Accelerated Experiential Dynamic Psychotherapy (AEDP) facilitates a transformational process via a model of psychotherapy rooted in three primary tenants. 

  • healing attachment
  • transformative experience
  • emotional and somatic processing

Dr. Diana Fosha, Ph.D.,  author of the The Transforming Power of Affect, generated the therapy model of Accelerated Experiential Dynamic Psychotherapy (AEDP) integrating resonances from attachment theory psychodynamic theory, neuroscience, somatic therapy, affective and transformational disciplines.  At the root of AEDP is a collaborative process of helping our patients and ourselves as therapists to mend attachment wounds and trauma.  These vulnerabilities often feel like broken parts of ourselves in which we feel unbearably alone, but through the therapeutic journey these vulnerabilities can become strong and healed. The therapist and client work together to tend to the feeling of aloneness, loss, trauma and relational challenges that leave us disconnected in our relationships. In this mutual exploration, increased compassion and insight manifest and develop into an inner knowing that we were never broken to begin with, but rather feeling the pain of being disconnected from ourselves and others.

Dr.

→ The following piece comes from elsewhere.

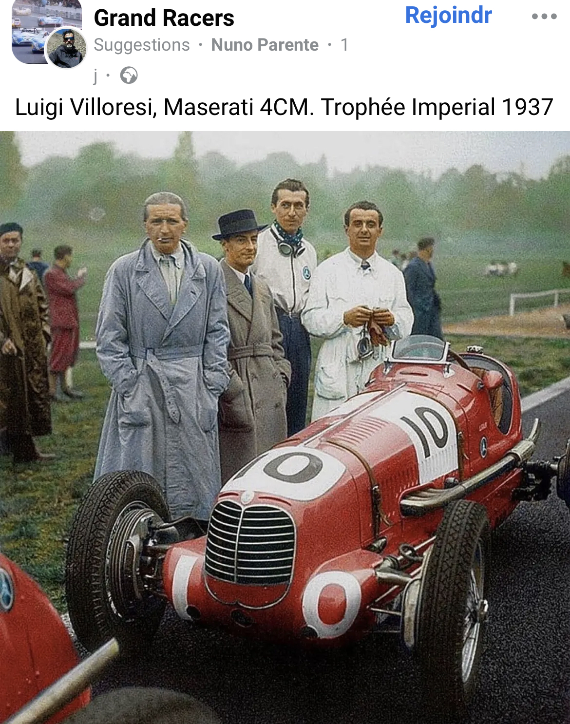 Sur la photo ci-dessous nous sommes en 1937 à Crystal Palace. Nous avons quatre personnalités du Maseratisme autour de celle 4CM. De la gauche à la droite, le comte Carlo Felice Trossi, Gino Rovere , le comte Giovanni Lurani et Luigi Villoresi :

Diana Fosha asserts that "Through the in-depth processing of difficult emotional and relational experiences, the AEDP clinician fosters the emergence of new and healing experiences for the client." It is through this shared affective exploration, couples with the witnessing and supportive compassion of the AEDP practitioner that facilitates a reparative and profoundly transformative heartfelt experience for the client. 

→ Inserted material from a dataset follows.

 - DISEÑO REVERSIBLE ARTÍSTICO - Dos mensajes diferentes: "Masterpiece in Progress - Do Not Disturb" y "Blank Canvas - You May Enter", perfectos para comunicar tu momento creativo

While suffering is an unavoidable fact of life, it brings with it an opportunity to tap into the profoundly transformative capacities of the human affective experience that might otherwise remain obscured from consciousness. It is with this insight and awareness, in the context of the safety of the therapist-client relationship which 

As a therapeutic approach, AEDP cultivates opportunities for transformative healing and developing secure attachment within the safety of the therapeutic relationship. AEDP is collaborative, experiential and transformative for client and clinician alike. Rather than focus on what is "wrong"  Accelerated experiential-dynamic psychotherapy avoids pathologizing the patient's behavior, thoughts and experiences by focussing on techniques that are oriented towards profound healing, validating the client's pain and challenging relational and emotional experiences.  AEDP strives to cultivate an attachment-oriented  transformation in the patient's thoughts, behaviors and feelings by examining the complicated and profound processes that arise in painful and challenging relational and affective experiences. 

Both psychotherapy and integrative framework, AEDP seeks to theoretically elucidate and clinically harness healing transformational processes. A whole-brain therapy, through its attachment-based stance, AEDP entrains right-brain-mediated affective experiences; works with subcortically generated primary emotions; and recruits left brain organization for the articulation of emotional experience. Then, alternating waves of experience and reflection give rise to the best the prefrontal cortex (especially the right pre-frontal cortex where emotionally meaningful autobiographical narratives are mediated) has to offer: integrative states of flow, clarity, ease, wisdom, compassion, curiosity, generosity, creativity, and calm, where the sense of the truth promotes deep acceptance and self-acceptance.